Jeremy Hunt arrives at his home in London after he was appointed Chancellor of the Exchequer following the resignation of Kwasi Kwarteng. Picture date: Friday October 14, 2022.
Aaron Chown | Pa Images | Getty Images
Britain’s recent finance minister Jeremy Hunt said on Saturday that some taxes could have to go up, signaling one other abrupt policy U-turn by Prime Minister Liz Truss who’s battling to save lots of her leadership just over a month into her term.
In an try to appease financial markets which have been in turmoil for 3 weeks, Truss fired Kwasi Kwarteng as her chancellor of the exchequer on Friday and scrapped parts of their controversial economic package.
In a hurried news conference shortly after dismissing Kwarteng, Truss said the corporation tax rate would increase, abandoning her plan to maintain it at current levels, and government spending would rise by lower than previously planned.
Big, unfunded tax cuts were a central plank of Truss’s original plans, but Hunt said tax increases were on the cards.
“We could have some very difficult decisions ahead,” he told Sky News.

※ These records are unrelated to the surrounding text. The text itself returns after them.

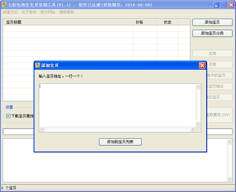 可以下载淘宝、天猫店里的宝贝,可以一次添加多个宝贝地址进行批量下载宝贝、复制宝贝。
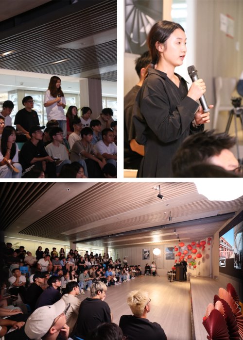 在课堂的最后一刻钟,同学们积极的对张云老师提出心中的问题,例如:张云老师平时灵感匮乏的时候应该怎样去寻找灵感;张云老师在成立团队的时候是先成立了团队,还是在路上寻找志同道合的伙伴;近年来大环境对于环艺专业的同学不是特别的友好,作为环艺专业的
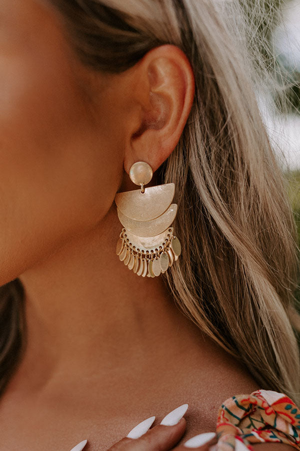 These earrings take the crown for our new fave statement earrings! They feature flat gold circle studs and dangling flat gold overlapping half circles with an accent tassel fan on the bottom one!
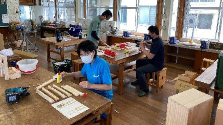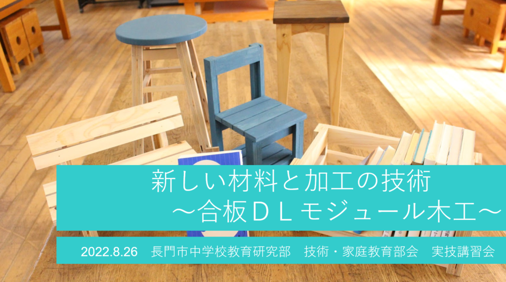 2022年8月26日に令和4年度 長門市中学校 教育研究部 技術・家庭科部会 実技講習会で合板DL・モジュール木工の研修を行いました。

“The thing that folks want, the markets want, the country needs now, is stability,” Hunt said. “No chancellor can control the markets. But what I can do is show that we are able to pay for our tax and spending plans and that’s going to wish some very difficult decisions on each spending and tax.”
Hunt is because of announce the federal government’s medium-term budget plans on Oct. 31, a key test of its ability to point out investors that it could actually restore its economic policy credibility.

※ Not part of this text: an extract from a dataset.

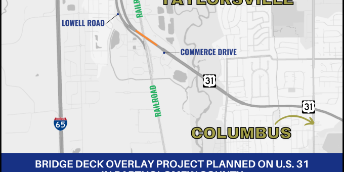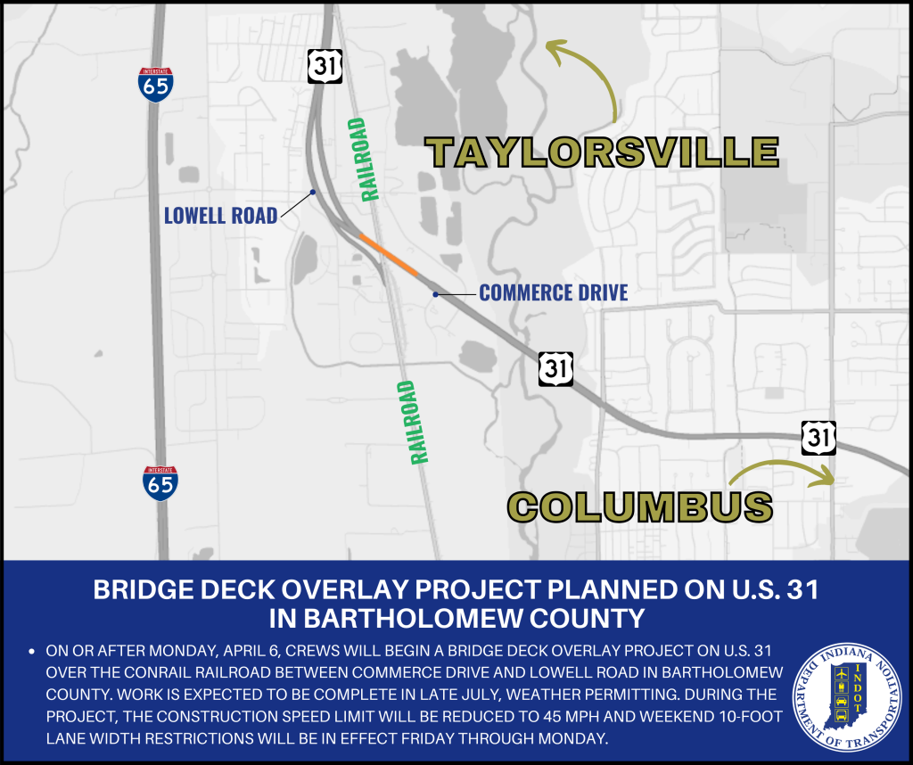 BARTHOLOMEW COUNTY — Indiana Department of Transportation contractor E&B Paving, Inc., is scheduled to begin a bridge deck overlay project on U.S. 31 between Taylorsville and Columbus on or after Monday, April 6.

He said spending wouldn’t rise by as much as people would love and all government departments were going to have to seek out more efficiencies than they were planning.
“Some taxes won’t be cut as quickly as people want, and a few taxes will go up. So it is going to be difficult,” he said.

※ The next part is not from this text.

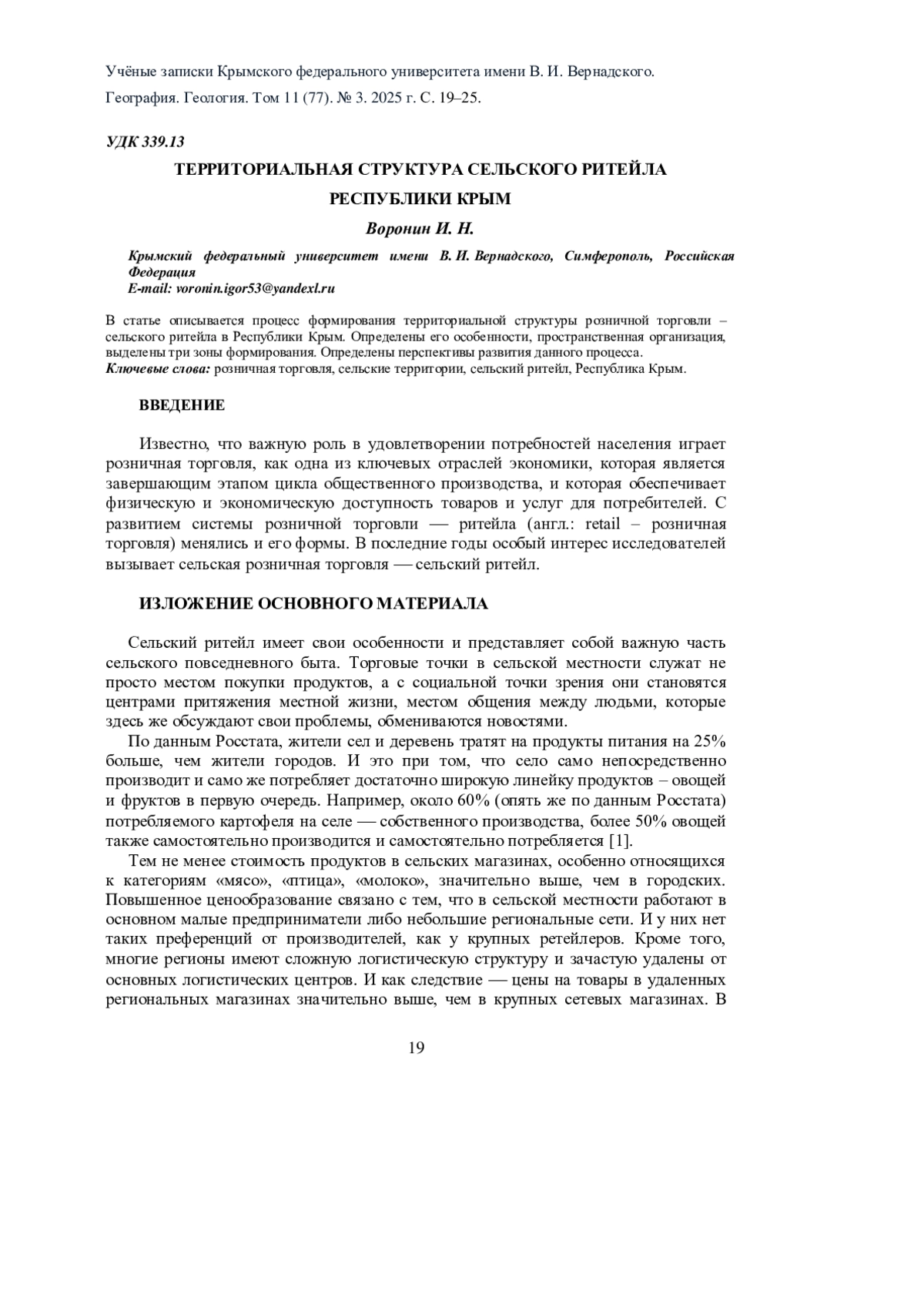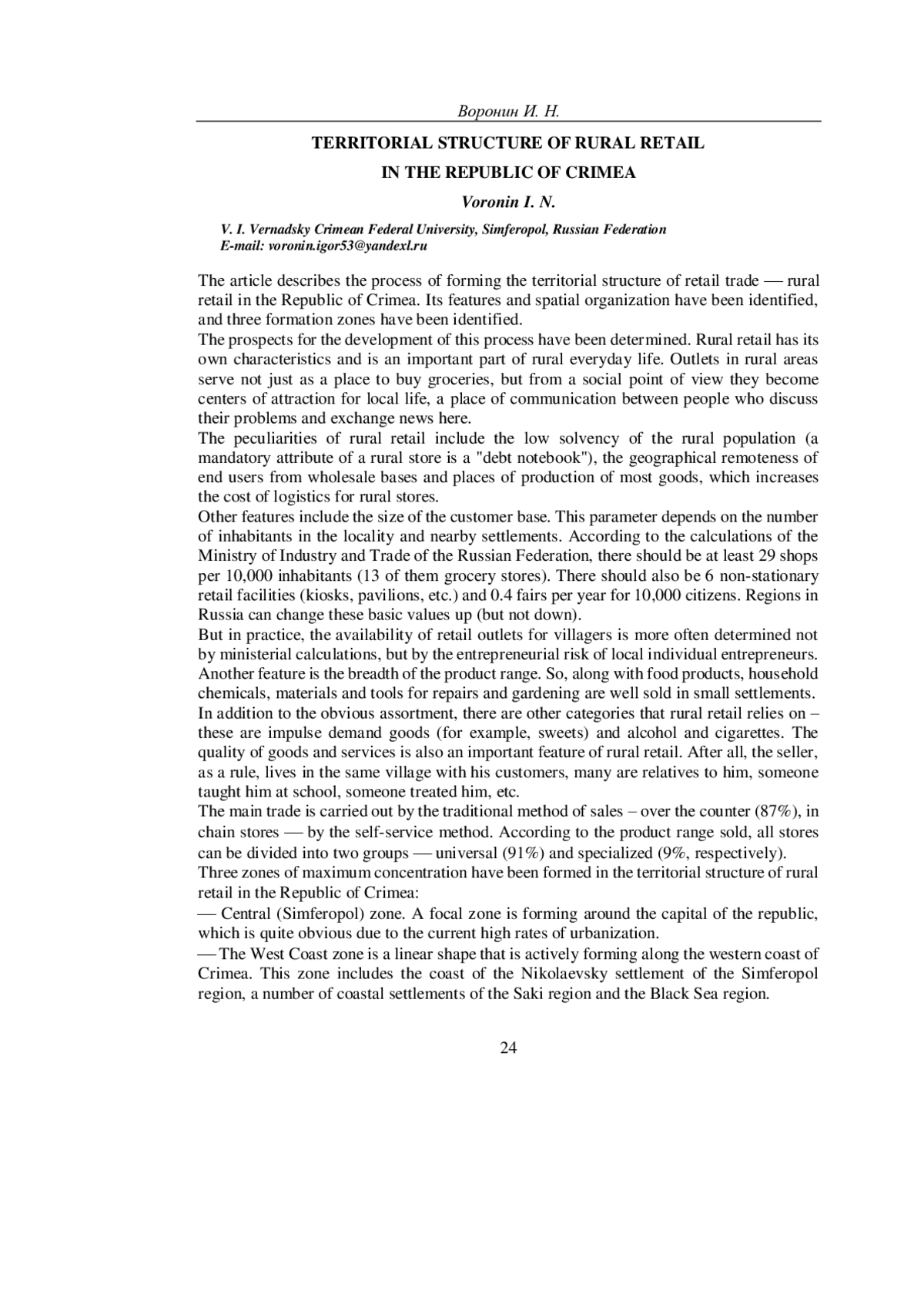 В статье описывается процесс формирования территориальной структуры розничной торговли - сельского ритейла в Республики Крым. Определены его особенности, пространственная организация, выделены три зоны формирования. Определены перспективы развития данного процесса.
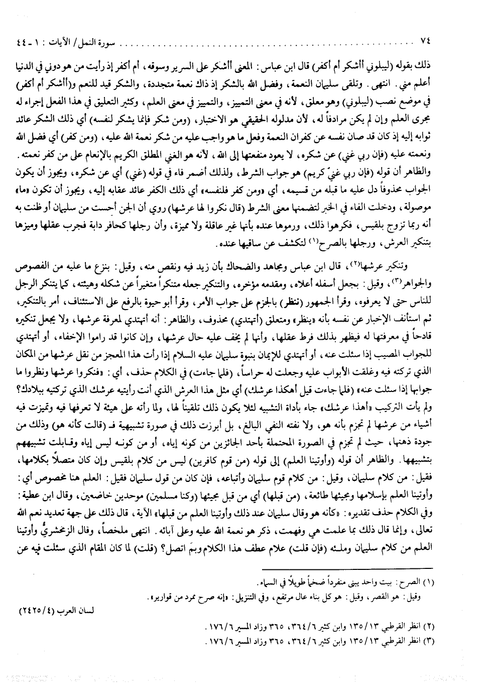( فَلَمَّا جَاءتْ ( ، في الكلام حذف ، أي فنكروا عرشها ونظروا ما جوابها إذا سئلت عنه . ) فَلَمَّا جَاءتْ قِيلَ أَهَكَذَا عَرْشُكِ ( : أي مثل هذا العرش الذي أنت رأيتيه عرشك الذي تركتيه ببلادك ؟ ولم يأت التركيب : أهذا عرشك ؟ جاء بأداة التشبيه ، لئلا يكون ذلك تلقيناً لها . ولما رأته على هيئة لا تعرفها فيه ، وتميزت فيه أشياء من عرشها ، لم تجزم بأنه هو ، ولا نفته النفي البالغ ، بل أبرزت ذلك في صورة تشبيهية فقالت : ) كَأَنَّهُ هُوَ ( ، وذلك من جودة ذهنها ، حيث لم تجزم في الصورة المحتملة بأحد الجائزين من كونه إياه أو من كونه ليس إياه ، وقابلت تشبيههم بتشبيهها . والظاهر أن قوله : ) وَأُوتِينَا الْعِلْمَ ( إلى قوله : ) مِن قَوْمٍ كَافِرِينَ ( ليس من كلام بلقيس ، وإن كان متصلاً بكلامها . فقيل : من كلام سليمان . وقيل : من كلام قوم سليمان وأتباعه . فإن كان من قول سليمان فقيل : العلم هنا مخصوص ، أي وأوتينا العلم بإسلامها ومجيئها طائعة . ) مِن قَبْلِهَا ( أي من قبل مجيئها . ) وَكُنَّا مُسْلِمِينَ ( : موحدين خاضعين . وقال ابن عطية : وفي الكلام حذف تقديره كأنه هو ، وقال سليمان عند ذلك : ) وَأُوتِينَا الْعِلْمَ مِن قَبْلِهَا ( الآية ، قال ذلك على جهة تعديد نعم الله تعالى ، وإنما قال ذلك بما علمت هي وفهمت ، ذكر هو نعمة الله عليه وعلى آبائه . انتهى ملخصاً . وقال الزمخشري : وأوتينا العلم من كلام سليمان وملائه ، فإن قلت : علام عطف هذا الكلام وبما اتصل ؟ قلت : لما كان المقام الذي سئلت فيه عن

Kwarteng’s Sept. 23 fiscal statement prompted a backlash in financial markets that was so ferocious that the Bank of England needed to intervene to forestall pension funds being caught up within the chaos as borrowing costs surged.
Hunt said he agreed with Truss’s fundamental approach of in search of to spark economic growth but the way in which she and Kwarteng went about it had not worked.
“There have been mistakes. It was a mistake when we will be asking for difficult decisions across the board on tax and spending to chop the speed of tax paid by the very wealthiest,” he said.
“It was a mistake to fly blind and to do these forecasts without giving people the arrogance of the Office of Budget Responsibility saying that the sums add up. The prime minister has recognized that, that is why I’m here.”
Truss was because of spend the weekend attempting to shore up her flagging support inside the Conservative Party, with newspapers quoting lawmakers who questioned her ability to remain within the job.
On Monday, the British government bond market faces a test when it should function for the primary time without the emergency buying support provided by the BoE since Sept. 28. Gilt prices fell sharply late on Friday after Truss’s news conference.